Любавин ездил к ним по шесть дней в неделю, и лишь воскресные дни у младшего Трифина были не учебными. Княгиня Софья Павловна платила щедро, по достоинству ценила труды гувернёра и откро-венно признавалась в своей симпатии и благодарности за кропотливые старания Любавина. Он нравился также и дочери княгини, двадцатилетней, розовой, хорошенькой девушке Оленьке. Когда занятия кончались, она всегда приглашала Всеволода Ивановича в гостиную, пила с ним чай, вела лёгкие друже-ские беседы и называла его на французский манер «Севжи». Сам же Севжи был только доволен такому радушию и мысленно сознавался самому себе, что ездит к Трифиным вовсе не затем, чтобы давать уроки, а затем только, чтобы свидеться с Оленькой.

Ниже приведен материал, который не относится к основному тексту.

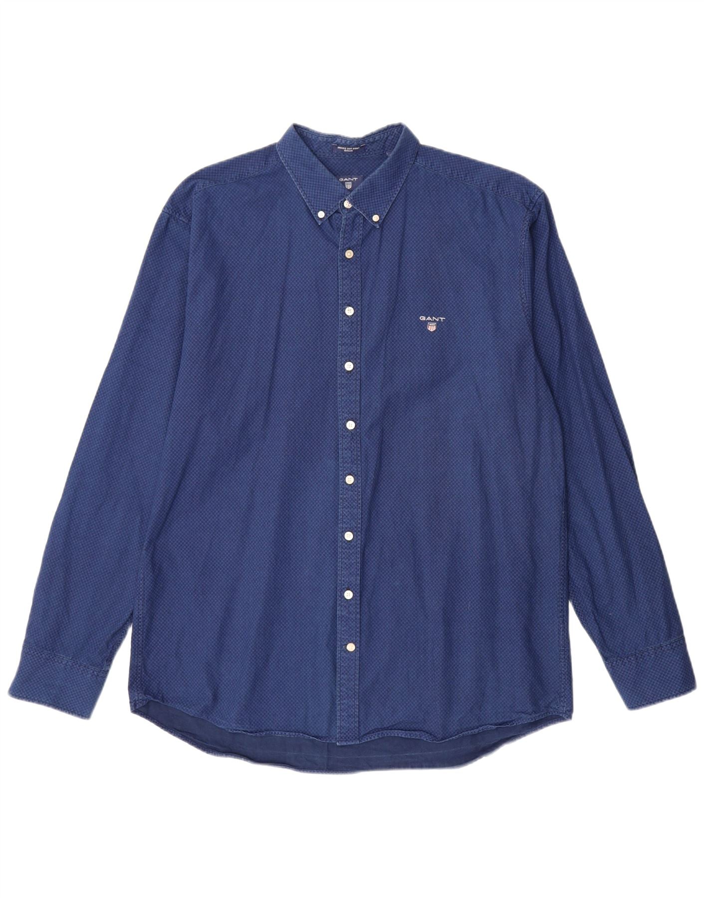 GANT Herre Regular Fit Skjorte Størrelse 45/46 18 2XL Blå Geometrisk Bomuld

Спустя всего месяц таких чаепитий между ними завязалась настоящая любовь. Своих чувств Всеволод Иванович совсем не стеснялся, напротив, он считал своё положение весьма завидным и потому не пытался ничего скрывать. «Пусть, пусть знают, — твердил Севжи. — Пусть все знают, как я вас люблю, Оленька, как я без ума от вас». Впредь Любавин редко приходил к Трифиным без какого-нибудь подарка и стал часто оставаться ночевать. В свою очередь, Оленька, хоть и не хотела обличать своего счастья, всегда брала Севжи с собою то в гости, то в театр, то на прогулку. А Всеволод Иванович никогда и не противился её желаниям. — «Сегодня идём к Рубецким. Ах, у них такой пушистый пудель. Амишкой, помнится, зовут. Право, такая дивная собачонка». — «О, не сомневаюсь, что собачка действительно прелестная», — отвечал Севжи, от роду не любивший собак.
— Завтра поедем на итальянскую оперу.
— Прелестно.
— Как? Вы же говорили, что не переносите опер?

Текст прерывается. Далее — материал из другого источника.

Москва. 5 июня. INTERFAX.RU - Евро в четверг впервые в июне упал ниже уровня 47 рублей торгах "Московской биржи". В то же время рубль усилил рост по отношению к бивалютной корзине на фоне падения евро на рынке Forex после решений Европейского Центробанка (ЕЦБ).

— Рядом с вами что угодно перенесу.
И они ехали и к Рубецким и игрались с Амишкой, и на оперу и слушали с оттенком довольства на лице. На следующий день они могли проехаться по излюбленным Оленькою местам, заехать в какую-нибудь ресторацию или посетить ненавистный Всеволоду Ивановичу цирк. Но чем бы они ни занимались, куда бы ни ходили, — на душе Любавина всегда была теплота и нега. Ему в сущности было все равно: тихое чаепитие в гостиной или же шумное цирковое представление, — главное, чтобы Оленька была рядом с ним. Он старался угодить ей во всём, в чём только мог, сам осознавал это и искренно говорил: — «Я вам очень удобный поклонник, не так ли?» Поначалу Оленьке нравилась эта черта в Севжи, она даже восхищалась ею, говорила, что он этим очень душевен и мил. Своими угождениями Любавин создавал для неё истинно сладкий мир, пробуждал в ней сладкие воображения и доставлял самые сладкие ощущения. Но со временем эта сладость стала Оленьке приторна. Раз как-то за чаем Всеволод Иванович нежно взял её за руку со словами:
— Я хочу сказать всё, что чувствую. Всё-всё хочу сказать.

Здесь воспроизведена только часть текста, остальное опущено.